The Weill Cornell Medicine Pediatric Nephrology team focuses on a wide range of research activities to expand the understanding of renal and other nephrology disorders in children and adolescents, and to develop new strategies for the prevention and management of renal disease and injury. We continue to break new ground in our understanding of conditions including chronic kidney disease, kidney transplant outcomes and hemolytic uremic syndrome.
The Division of Pediatric Nephrology at Weill Cornell has a robust chronic kidney disease (CKD) research program. Our current CKD-related clinical studies are led by Oleh M. Akchurin, MD, PhD, and include:
In addition to these studies led by Weill Cornell investigators, we collaborate with the Chronic Kidney Disease in Children (CKiD) study, the North American Pediatric Renal Trials and Collaborative Studies (NAPRTCS) registry, and several industry-sponsored clinical trials.
Juhi Kumar, M.D., M.P.H. was the recipient of a career development award (K 23) from the NIDDK, to evaluate the prevalence and correlates of vitamin D deficiency in the CKiD cohort. She continues to utilize the CKiD database to evaluate the associations between vitamin D and growth, and vitamin D and blood pressure in children with CKD.
Juhi Kumar, M.D., M.P.H. is the recipient of a CTSC pilot grant to evaluate markers of allograft damage in blood and urine, as well as the gut microbiome, in pediatric kidney transplant recipients both with and without donor-specific antibodies. In addition, she will explore the relationship of these markers and the gut microbiome with vitamin D and Fibroblast Growth Factor 23 (FGF23).
With the support of his K08 career development award from the NIH NIDDK and Rohr family Clinical Scholar award, Dr. Oleh Akchurin is using several mouse models of juvenile Chronic Kidney Disease (CKD) to understand how iron supplementation affects renal fibrosis and bone health in CKD. Iron supplementation is currently the most common therapy to treat anemia in children with mild to moderate CKD. Dr. Akchurin’s preliminary animal data demonstrated that oral iron therapy, in the doses compatible with those used in children with CKD improved anemia, but aggravated renal fibrosis in mice with adenine-induced CKD and worsened bone disease in these mice. The mechanism of these pro-fibrotic and bone effects of oral iron therapy could be related to the alterations of hepcidin, the master regulator of iron metabolism, in juvenile CKD. Previous research of Dr. Akchurin demonstrated that genetic blockade of hepcidin gene transcription not only ameliorated anemia in juvenile mice with CKD without a need for exogenous iron therapy, but also improved skeletal growth of these mice [See: http://vivo.med.cornell.edu/display/pubid84994609041]. Similarly, Dr. Akchurin have shown that the blockade of interleukin 6, a known upstream activator of hepcidin, was also protective against anemia in juvenile CKD [See: http://vivo.med.cornell.edu/display/pubid85061988121]. All these data have direct translational significance with respect to human Chronic Kidney Disease (CKD).

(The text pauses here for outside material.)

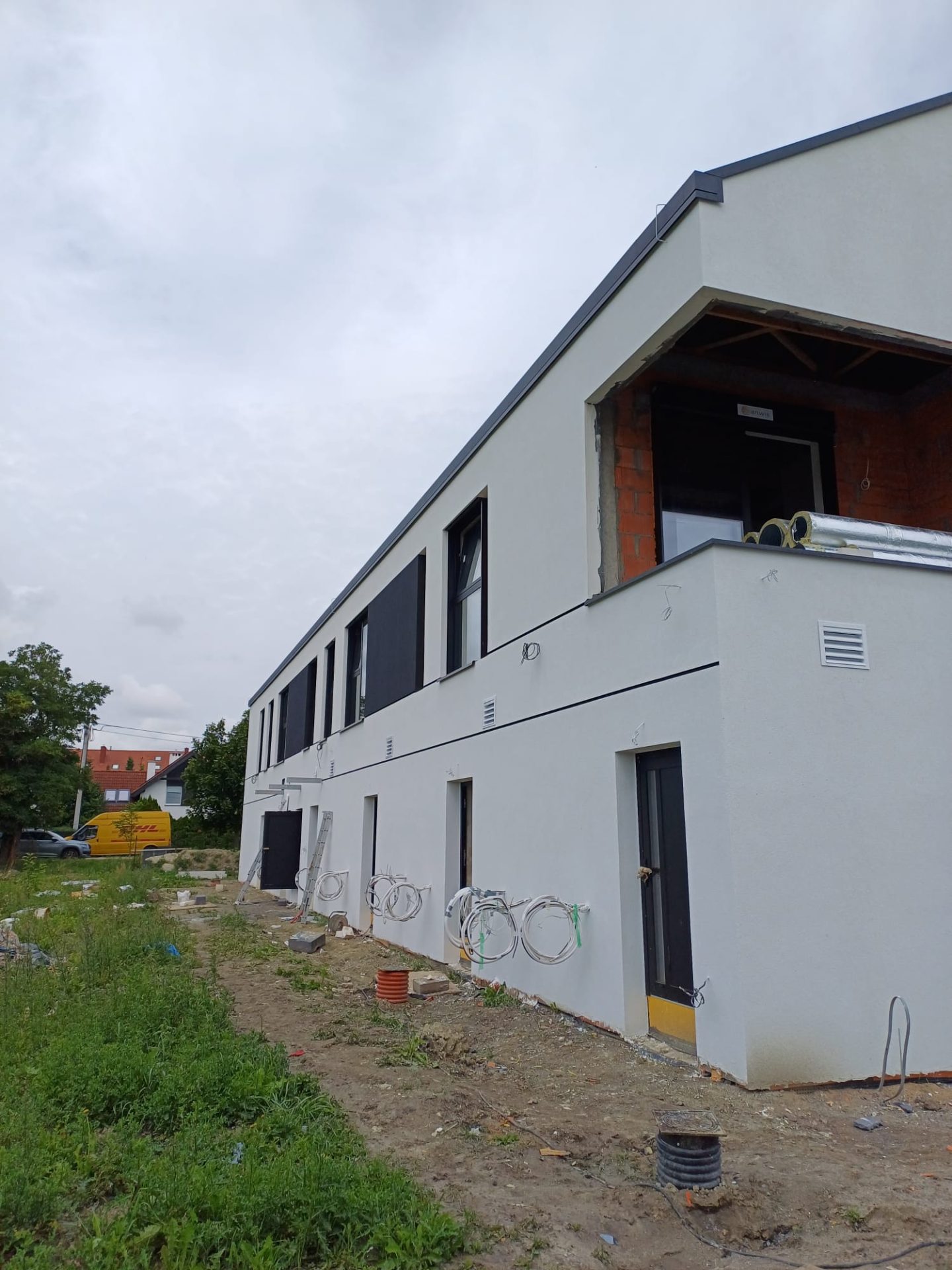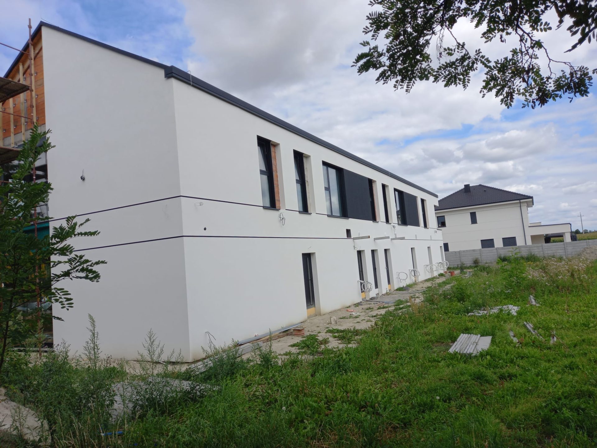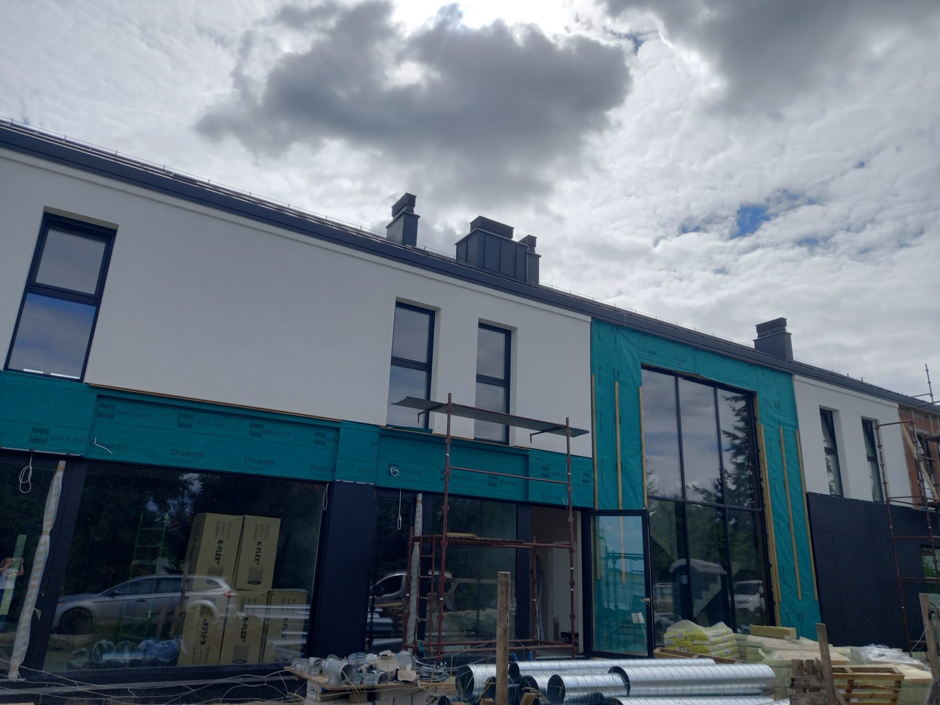 Dom mieszkalny z lokalem użytkowym i dachem spadzistym w Tarnowie Podgórnym, w trakcie budowy przez Bartom Development.

Eduardo Perelstein, M.D., M.P.H. is the site principal investigator for an observational, multicenter study analyzing patients with atypical Hemolytic Uremic Syndrome (HUS), sponsored by Alexion Pharmaceuticals.
Juhi Kumar, M.D., M.P.H. along with colleagues at the Children’s Hospital of Philadelphia (Drs. Amaral and Keating), leads one of the largest transplant studies in pediatric kidney transplant recipients in North America funded by a R01 grant from the National Institute of Child Health and Human Development (NICHD). The VIRTUUS study is a multi-center cohort study designed to improve approaches to identifying and characterizing early allograft injury in children with kidney transplants. This study aims to validate in children, urinary messenger RNA signatures and metabolite profiles associated with acute cellular rejection, antibody mediated rejection and BK virus nephropathy in adult kidney transplant recipients. The VIRTUUS study is of great relevance for the pediatric transplant recipients as it aims to improve long-term allograft outcomes by shifting clinical paradigms toward proactive, individualized treatment based on urinary changes that can be seen before clinical manifestations arise.

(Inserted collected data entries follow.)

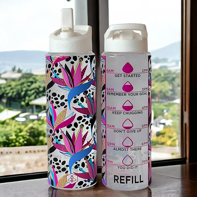 - Daily Water Intake Bottle: The Biddlebee Hydration Tracker reusable water bottle features easy to read time markers on the bottle to help you track your daily intake! Motivational sayings encourage you to stay hydrated throughout the day and reminds you to refill halfway through the day. The water tracker bottle comes with a gift box and is perfect for home, work, or the gym and can be used by women or men. Using a water bottle that tracks water intake will help you to hit your health goals.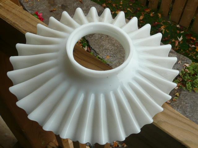 ANTIQUE MILKGLASS MILK GLASS RUFFLE OIL LAMP SHADE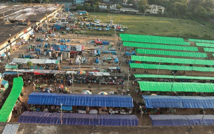 নতুন বাজারে দশটি গলিতে ইট, বাঁশ ও ত্রিপল দিয়ে অস্থায়ী শেড নির্মাণ করা হয়েছে। বাজারে প্রবেশের জন্য রাখা হয়েছে তিনটি প্রবেশপথ।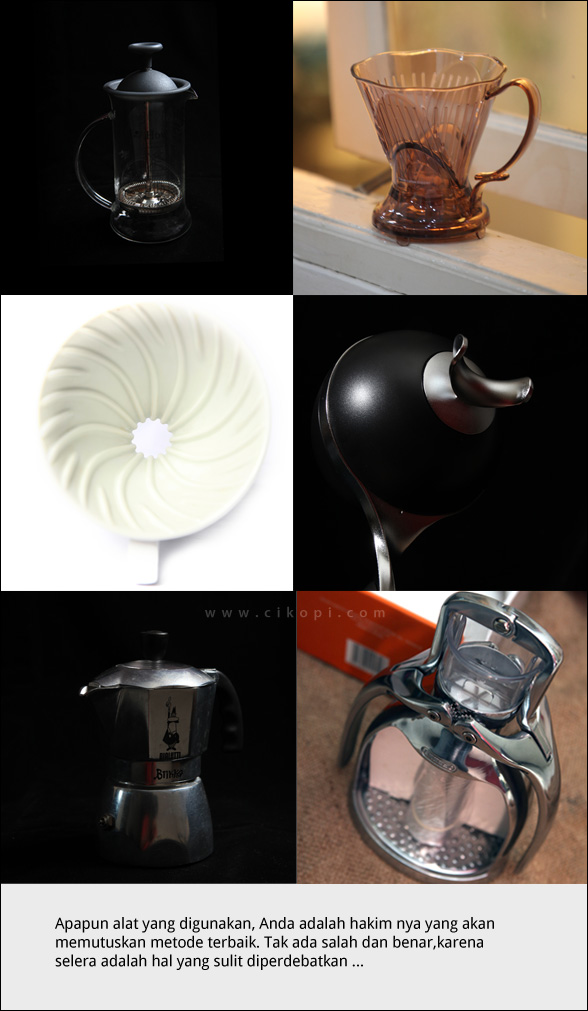 Alatnya? Tergantung… Sehari2 di rumah pakai coffee maker KRUPS standar buat bikin espresso/latte/capucccino. Sebulan sekali mesin ini saya bawa ke kantor untuk bikinin kopi buat teman2 dosen di UI di acara lunch bareng. Kalau ngopinya ditemani makanan tradisional (combro, singkong, tahu sumedang, dll), lebih enak bikin black coffee pakai french press saja. Kalau untuk sendirian, kadang2 bikin black coffee pakai Bialetti kecil.

Juhi Kumar, M.D., M.P.H. is the site Principal Investigator for North American Pediatric Renal Trials and Collaborative Studies (NAPRTCS). Our site contributes valuable data from our kidney transplant patients to this registry. This database collects information about current practices and trends in management of kidney transplant recipients with the goal of improving the care of pediatric renal allograft recipients in North America.